Ее кузины убирали балкон зеленью. В крепко строенном доме Дмитрия Ивановича Менделеева мы обедали. Я сидел недалеко от великого химика, и мне как-то странно было видеть в натуре лицо, столь известное по картинкам в журналах. Рядом со мною сел шафер невесты, молодой польский граф Развадовский[35], которого Блок называл Петербургским мистиком[36]. Мы сразу с ним сошлись. Оба мы были настроены крайне ортодоксально и враждебно к новому религиозному движению, которое возглавлялось тогда Розановым и Мережковским. Граф был вегетарьянец. Д. И. Менделеев начал критиковать вегетарьянство. «Нельзя есть живое! — иронически говорил он. — Ну, а рожь, разве не живое?» Затем он начал смеяться над метафизикой. Он плохо видел, и сын читал ему вслух историю древней философии. Д[митрий] Щванович] в первый раз узнал системы Пифагора и Платона, и все это ему казалось порядочными глупостями. Развадовский отмалчивался, иногда возражал тихо и сдержанно. «Главное — смирение, — говорил он мне вполголоса. — Надо не выделяться, быть незаметным, сливаться с окружающей средой».
Уже стемнело, когда подали лошадей. Блок, низко поклонившись, поцеловал руку своей невесте, и мы отъехали. Еще раз, в эту знаменательную для него ночь, ехал он через тот лес, через который привык проезжать верхом глухою ночью. Ведь его роман начался очень давно, в лето после окончания им гимназии.
На другой день я приехал с розовым букетом к невесте, чтобы везти ее в церковь. «Я готова», — сказала Любовь Дмитриевна и поднялась с места. Я ждал у дверей. Начался обряд благословения. Старик Менделеев быстро крестил дочь дряхлой, дрожащей рукой и только повторял: «Христос с тобой! Христос с тобой!».
Наш поезд двинулся.
Священник церкви села Тараканова был, по выражению Блока, «не иерей, а поп[37]», и у него бывали постоянные неприятности с шахматовскими господами.
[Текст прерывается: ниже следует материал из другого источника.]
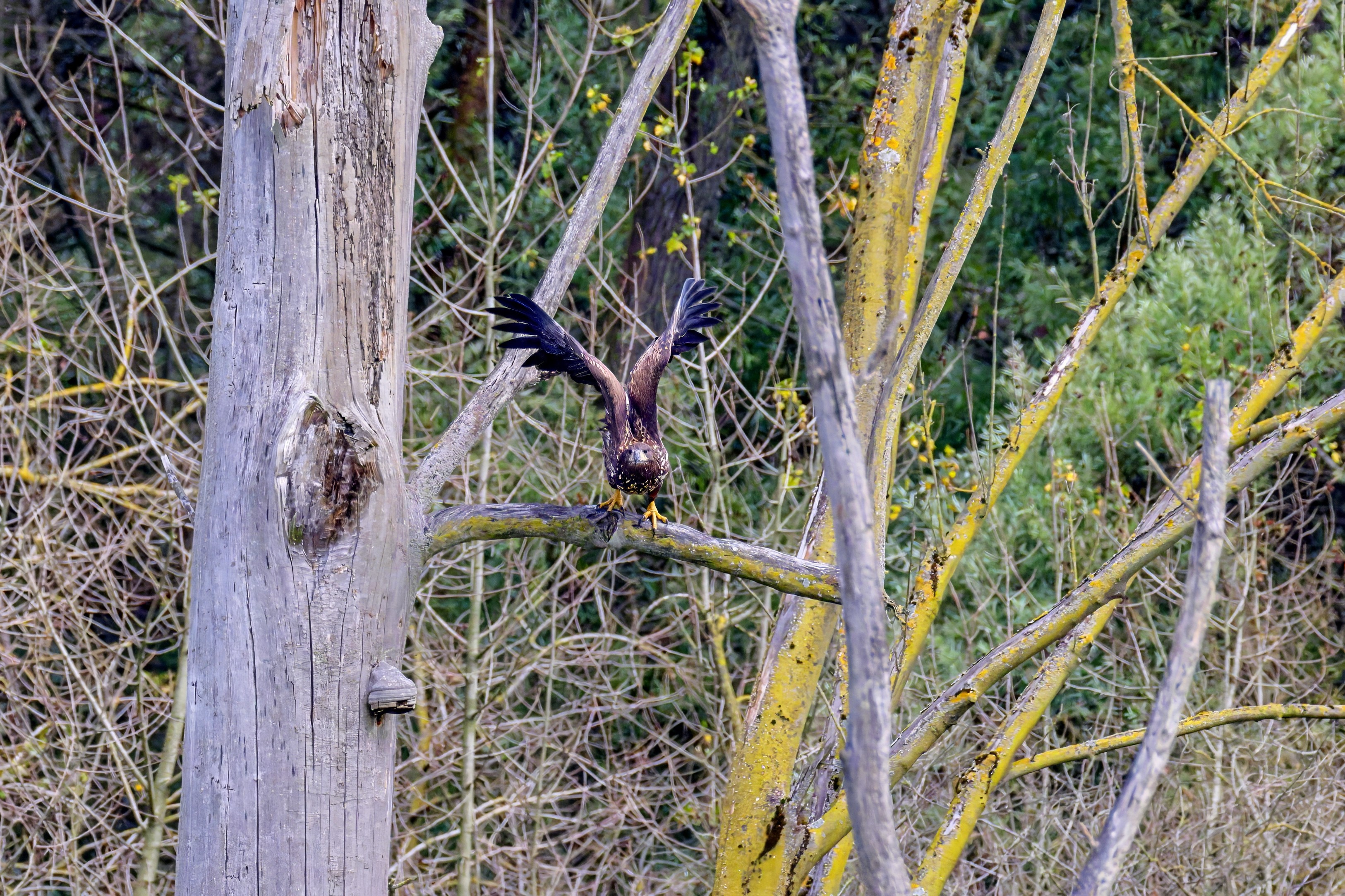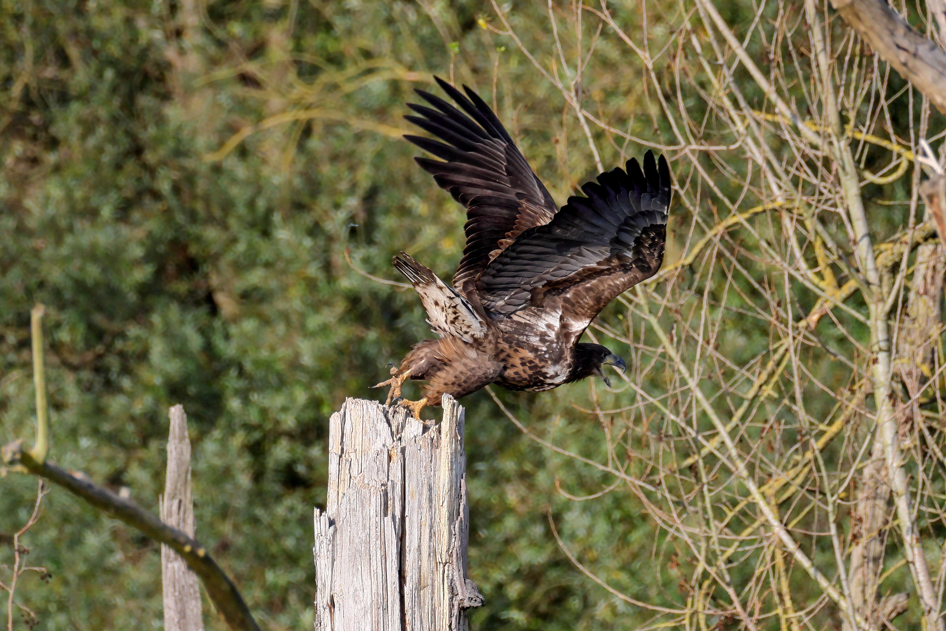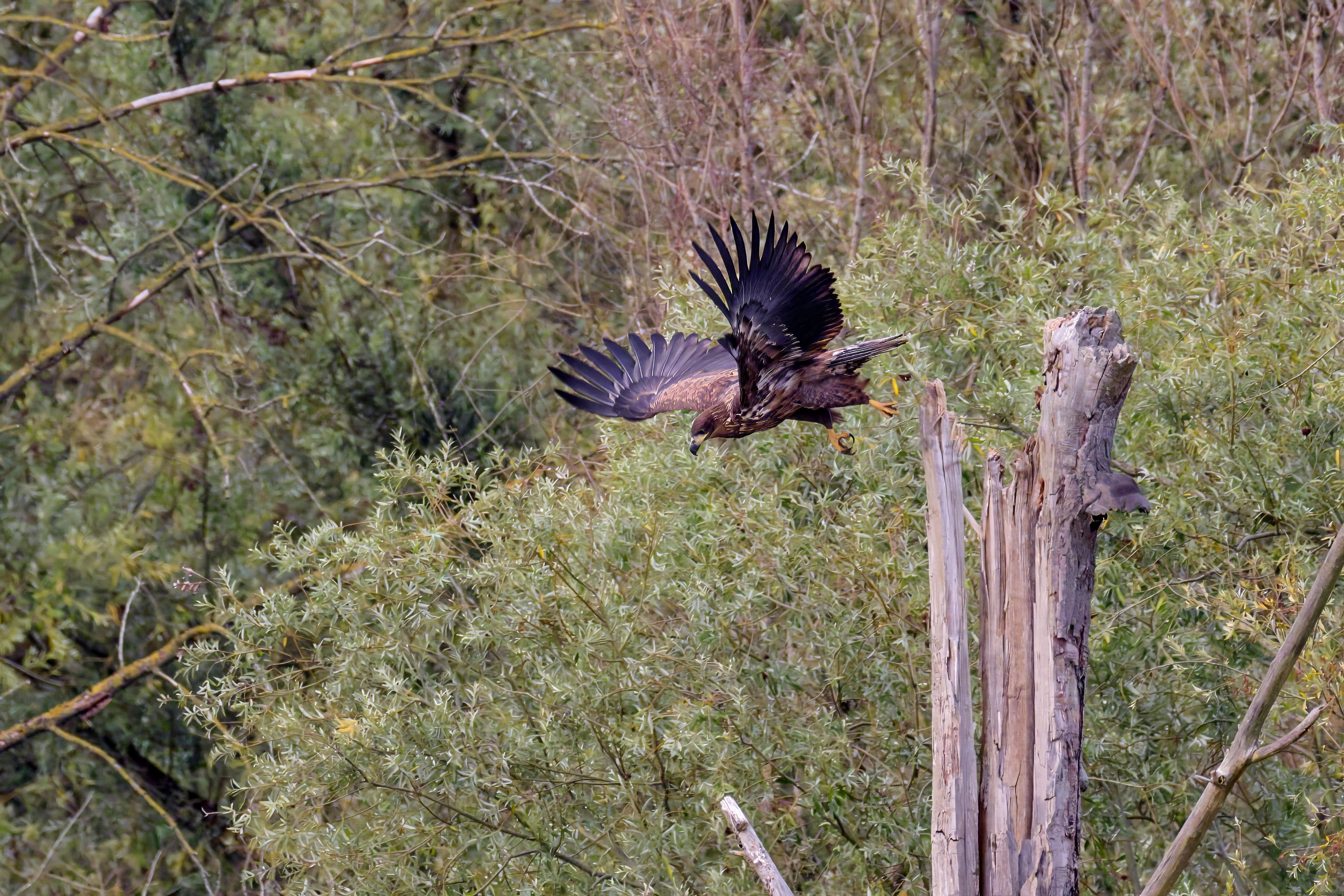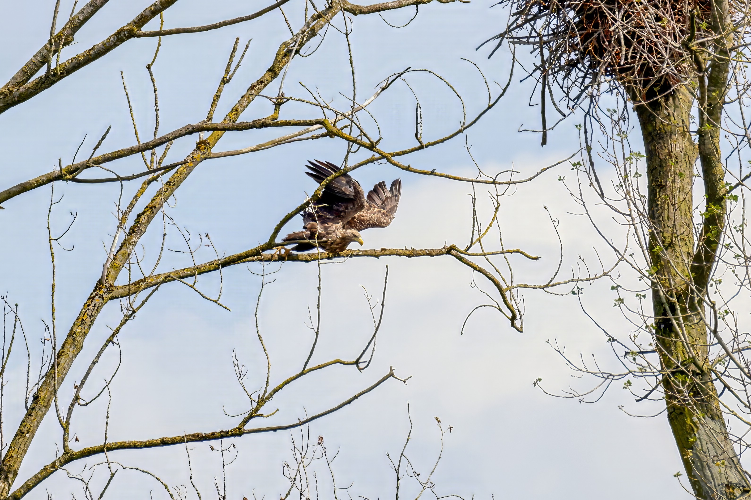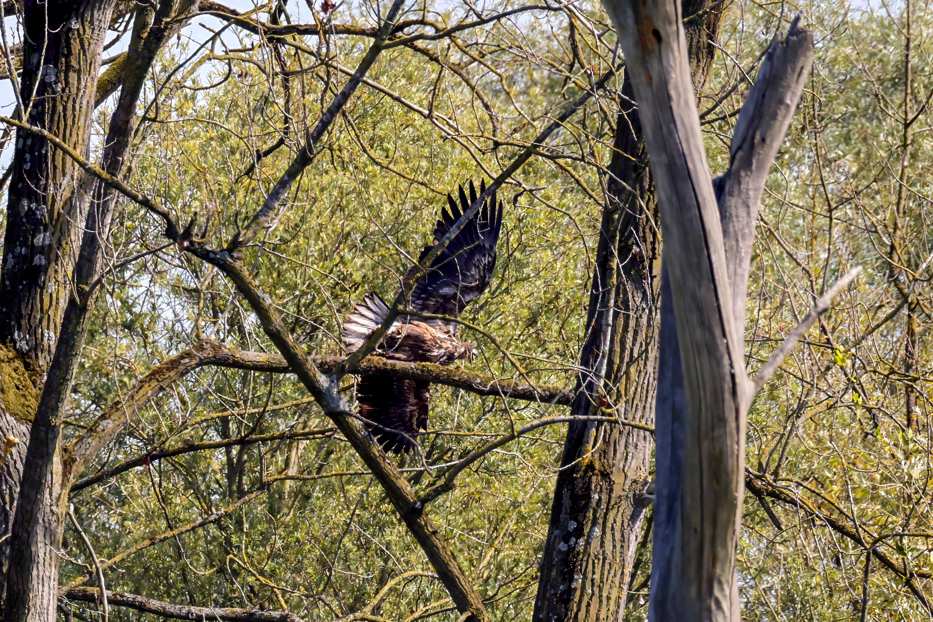 In der warmen Jahreszeit lohnt sich ein genauer Blick auf die Jungseeadler der Bislicher Insel. Sie haben sich prächtig entwickelt und zeigen inzwischen beeindruckende Flugkünste.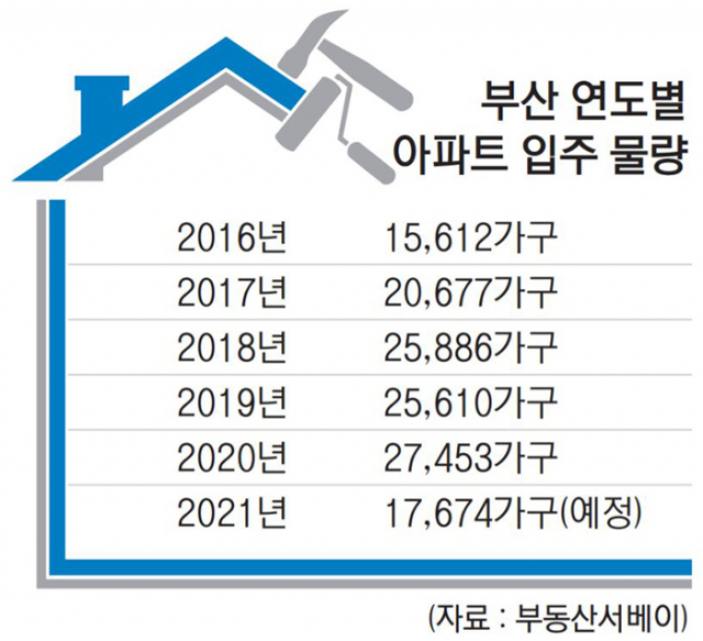부산의 입주 물량은 2017년 2만 677가구를 시작으로 2018년 이후엔 매년 2만 5000여 가구를 상회하면서 증가세를 보였지만, 올해 대폭 감소하면서 2016년(1만 5612가구) 이후 5년 만에 최저치를 기록할 전망이다.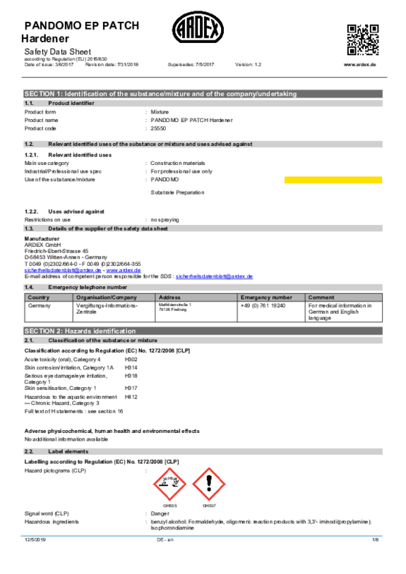 SDS PANDOMO EP Patch Hardener EN

Это был старичок резкий и порывистый. «Извольте креститься», — покрикивал он на Блока, растерянно бравшего в пальцы золотой венец, вместо того чтобы приложиться к нему губами. Но после венчания Блок сказал мне, что все было превосходно и священник особенно хорош. За свадебным столом, уставленным майонезами, я опять был рядом с графом Развадовским. Никогда его не забуду. Маленький, беленький, худой и неврастеничный, но упорный и сильный в своей слабости. Скоро мы уже пили на «ты». Он говорил мне, что климат Петербурга ему вреден и что он едет в южные страны. Речь зашла о Польше, о католичестве и Пресвятой Деве. Граф готовился к пострижению в монахи[38]. Осенью того же года Блок, со своей загадочной манерой выражаться, писал Белому о Развадовском:
«Теперь один из нас, верных испанской звезде, быть может, уже идет по дороге к Кракову в черной рясе»[39].
Обед подвигался к концу. Пили «за науку», пили «за работающего на духовной ниве», т. е. за приходского дьякона. Молодые должны были уезжать в Петербург с ближайшим поездом. Любовь Дмитриевна скоро показалась из своей комнаты, но уже не в белом, а изящном сером дорожном костюме. Отъехала коляска. Мы долго еще говорили с графом и жали друг другу руки. К вечеру я вернулся в опустевшее Шахматове, где около пруда бродили гуси — свадебный подарок местных крестьян.
Осенью 1903 года я продолжал с Блоком оживленную переписку. Но его настроение уже заметно менялось, «белая лилия»[40] его поэзии отцветала. Прежние строгие, мистические ноты сменялись чем-то жутко-демоническим, к идеям Соловьева он охладевал. Но еще далеко было до полного расхождения наших путей.
В ноябре[41] 1903 года он мне писал:
«Все
Тревога жизни отзвучала И замирает далеко.
Змеиной страсти злое жало В душе уснуло глубоко[42].
Теперь я почти поручусь, что это когда-то стоящее рядом навсегда остановилось в воспоминании только, и я бессилен понять такую близкую минуту. Тем более это издали поется мне каждый день теперь. И рядом с этим, например, Врубель, который меня затягивает и пугает реально, особенно когда вспомнить, что с ним теперь»[43].
Этой осенью нас обоих совершенно раздавила новая книга Брюсова «Urbi et Orbi»[44].